**TASK STATEMENT**:
Without including any images, set down the records below exactly.
□ □ □ □ □
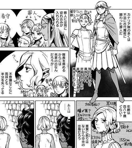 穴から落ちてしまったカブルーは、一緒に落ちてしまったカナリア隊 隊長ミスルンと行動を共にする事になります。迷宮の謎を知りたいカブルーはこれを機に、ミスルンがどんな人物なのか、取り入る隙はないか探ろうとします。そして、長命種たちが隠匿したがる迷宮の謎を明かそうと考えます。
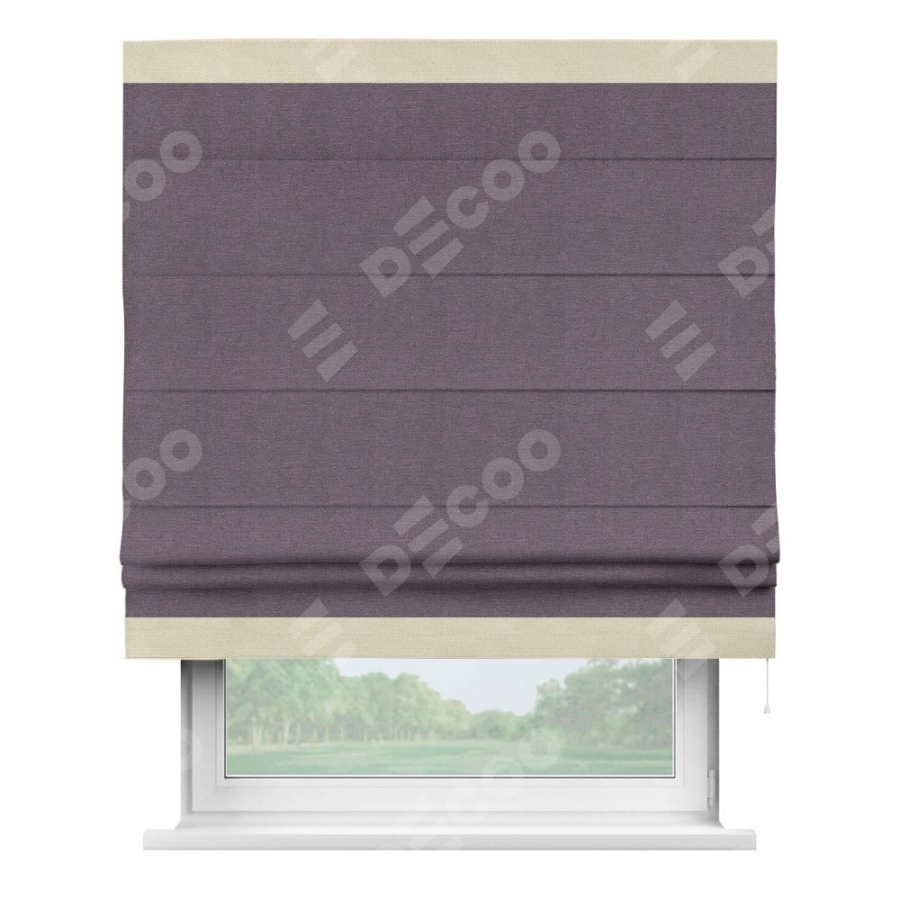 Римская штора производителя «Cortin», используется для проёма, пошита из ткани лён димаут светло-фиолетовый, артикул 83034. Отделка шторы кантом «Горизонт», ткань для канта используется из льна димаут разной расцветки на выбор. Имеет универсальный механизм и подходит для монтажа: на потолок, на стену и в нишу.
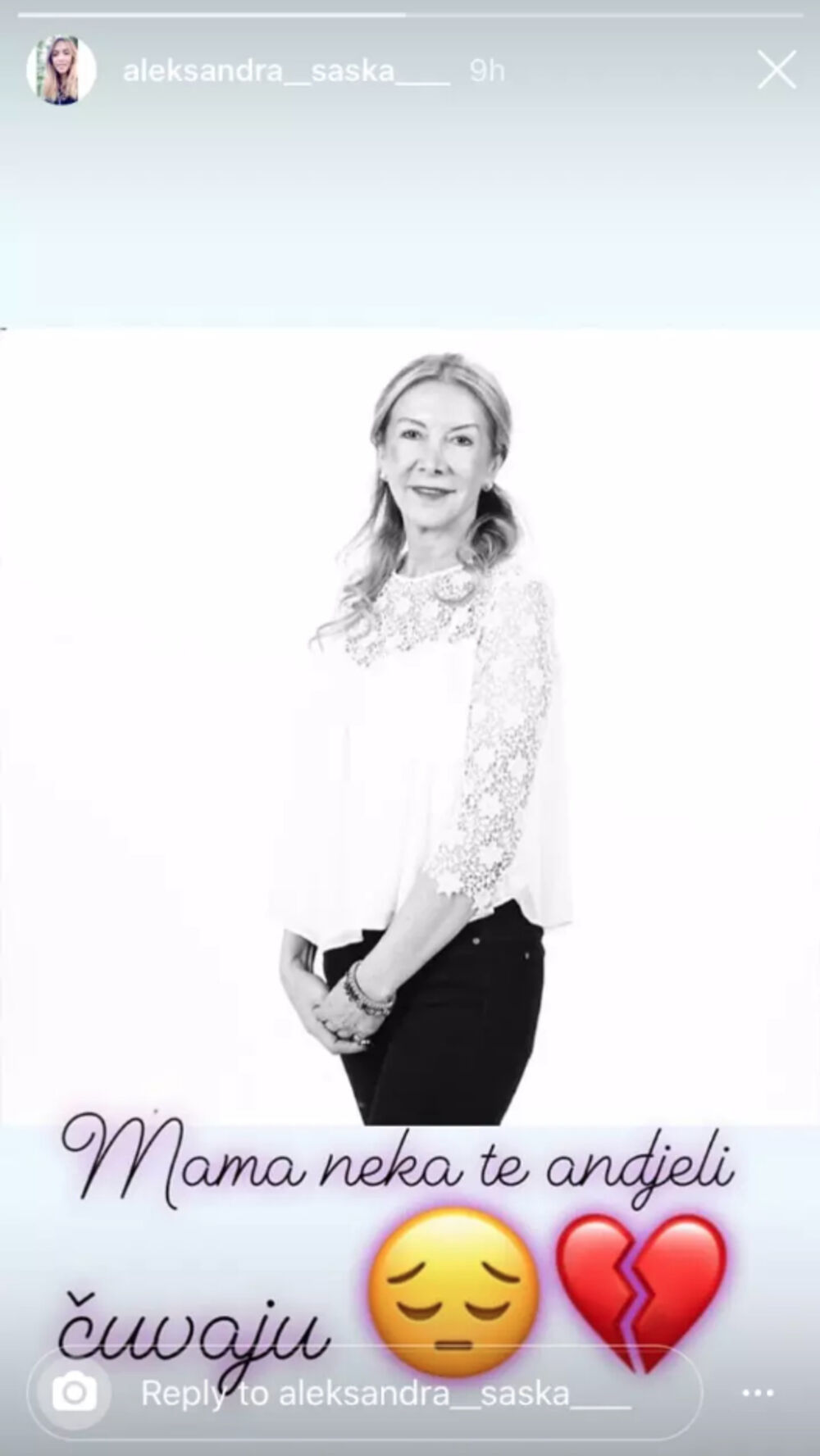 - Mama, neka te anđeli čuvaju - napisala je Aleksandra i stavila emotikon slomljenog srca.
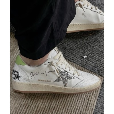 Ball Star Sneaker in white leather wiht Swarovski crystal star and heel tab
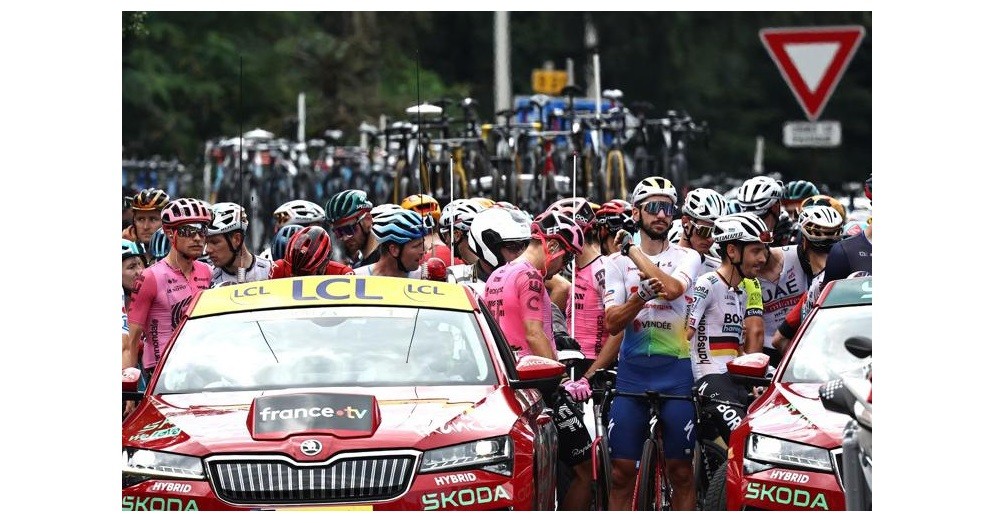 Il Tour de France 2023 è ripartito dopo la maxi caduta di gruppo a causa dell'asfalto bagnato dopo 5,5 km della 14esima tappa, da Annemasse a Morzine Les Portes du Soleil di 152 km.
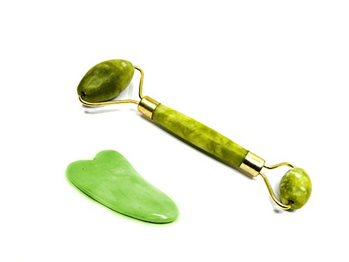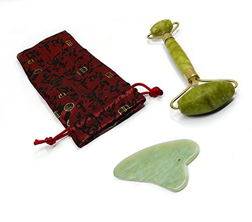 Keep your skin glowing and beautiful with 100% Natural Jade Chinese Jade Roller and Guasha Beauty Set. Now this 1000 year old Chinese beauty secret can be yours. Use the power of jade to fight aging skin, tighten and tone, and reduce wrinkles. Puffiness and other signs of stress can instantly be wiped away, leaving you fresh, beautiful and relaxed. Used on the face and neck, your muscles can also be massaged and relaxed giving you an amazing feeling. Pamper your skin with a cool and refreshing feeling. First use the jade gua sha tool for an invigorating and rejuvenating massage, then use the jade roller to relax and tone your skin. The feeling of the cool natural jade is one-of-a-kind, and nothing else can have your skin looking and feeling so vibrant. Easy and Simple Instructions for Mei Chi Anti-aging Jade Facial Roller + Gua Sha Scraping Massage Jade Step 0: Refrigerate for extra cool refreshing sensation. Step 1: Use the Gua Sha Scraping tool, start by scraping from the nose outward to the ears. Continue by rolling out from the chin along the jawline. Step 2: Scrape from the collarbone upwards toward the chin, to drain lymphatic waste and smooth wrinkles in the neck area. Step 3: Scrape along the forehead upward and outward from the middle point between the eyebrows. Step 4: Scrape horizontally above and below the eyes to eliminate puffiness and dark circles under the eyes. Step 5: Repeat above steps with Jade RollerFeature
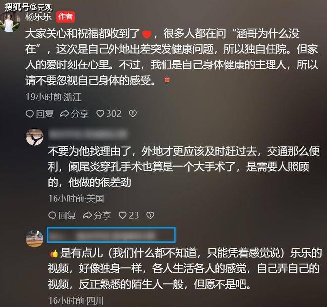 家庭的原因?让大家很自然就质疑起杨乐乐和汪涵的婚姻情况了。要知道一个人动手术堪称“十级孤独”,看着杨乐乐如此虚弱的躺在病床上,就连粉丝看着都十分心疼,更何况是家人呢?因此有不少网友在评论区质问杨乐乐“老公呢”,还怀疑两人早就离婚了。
□ □ □ □ □
**SOLVED PROBLEM**:
 穴から落ちてしまったカブルーは、一緒に落ちてしまったカナリア隊 隊長ミスルンと行動を共にする事になります。迷宮の謎を知りたいカブルーはこれを機に、ミスルンがどんな人物なのか、取り入る隙はないか探ろうとします。そして、長命種たちが隠匿したがる迷宮の謎を明かそうと考えます。
 Римская штора производителя «Cortin», используется для проёма, пошита из ткани лён димаут светло-фиолетовый, артикул 83034. Отделка шторы кантом «Горизонт», ткань для канта используется из льна димаут разной расцветки на выбор. Имеет универсальный механизм и подходит для монтажа: на потолок, на стену и в нишу.
 - Mama, neka te anđeli čuvaju - napisala je Aleksandra i stavila emotikon slomljenog srca.
 Ball Star Sneaker in white leather wiht Swarovski crystal star and heel tab
 Il Tour de France 2023 è ripartito dopo la maxi caduta di gruppo a causa dell'asfalto bagnato dopo 5,5 km della 14esima tappa, da Annemasse a Morzine Les Portes du Soleil di 152 km.
 Keep your skin glowing and beautiful with 100% Natural Jade Chinese Jade Roller and Guasha Beauty Set. Now this 1000 year old Chinese beauty secret can be yours. Use the power of jade to fight aging skin, tighten and tone, and reduce wrinkles. Puffiness and other signs of stress can instantly be wiped away, leaving you fresh, beautiful and relaxed. Used on the face and neck, your muscles can also be massaged and relaxed giving you an amazing feeling. Pamper your skin with a cool and refreshing feeling. First use the jade gua sha tool for an invigorating and rejuvenating massage, then use the jade roller to relax and tone your skin. The feeling of the cool natural jade is one-of-a-kind, and nothing else can have your skin looking and feeling so vibrant. Easy and Simple Instructions for Mei Chi Anti-aging Jade Facial Roller + Gua Sha Scraping Massage Jade Step 0: Refrigerate for extra cool refreshing sensation. Step 1: Use the Gua Sha Scraping tool, start by scraping from the nose outward to the ears. Continue by rolling out from the chin along the jawline. Step 2: Scrape from the collarbone upwards toward the chin, to drain lymphatic waste and smooth wrinkles in the neck area. Step 3: Scrape along the forehead upward and outward from the middle point between the eyebrows. Step 4: Scrape horizontally above and below the eyes to eliminate puffiness and dark circles under the eyes. Step 5: Repeat above steps with Jade RollerFeature
 家庭的原因?让大家很自然就质疑起杨乐乐和汪涵的婚姻情况了。要知道一个人动手术堪称“十级孤独”,看着杨乐乐如此虚弱的躺在病床上,就连粉丝看着都十分心疼,更何况是家人呢?因此有不少网友在评论区质问杨乐乐“老公呢”,还怀疑两人早就离婚了。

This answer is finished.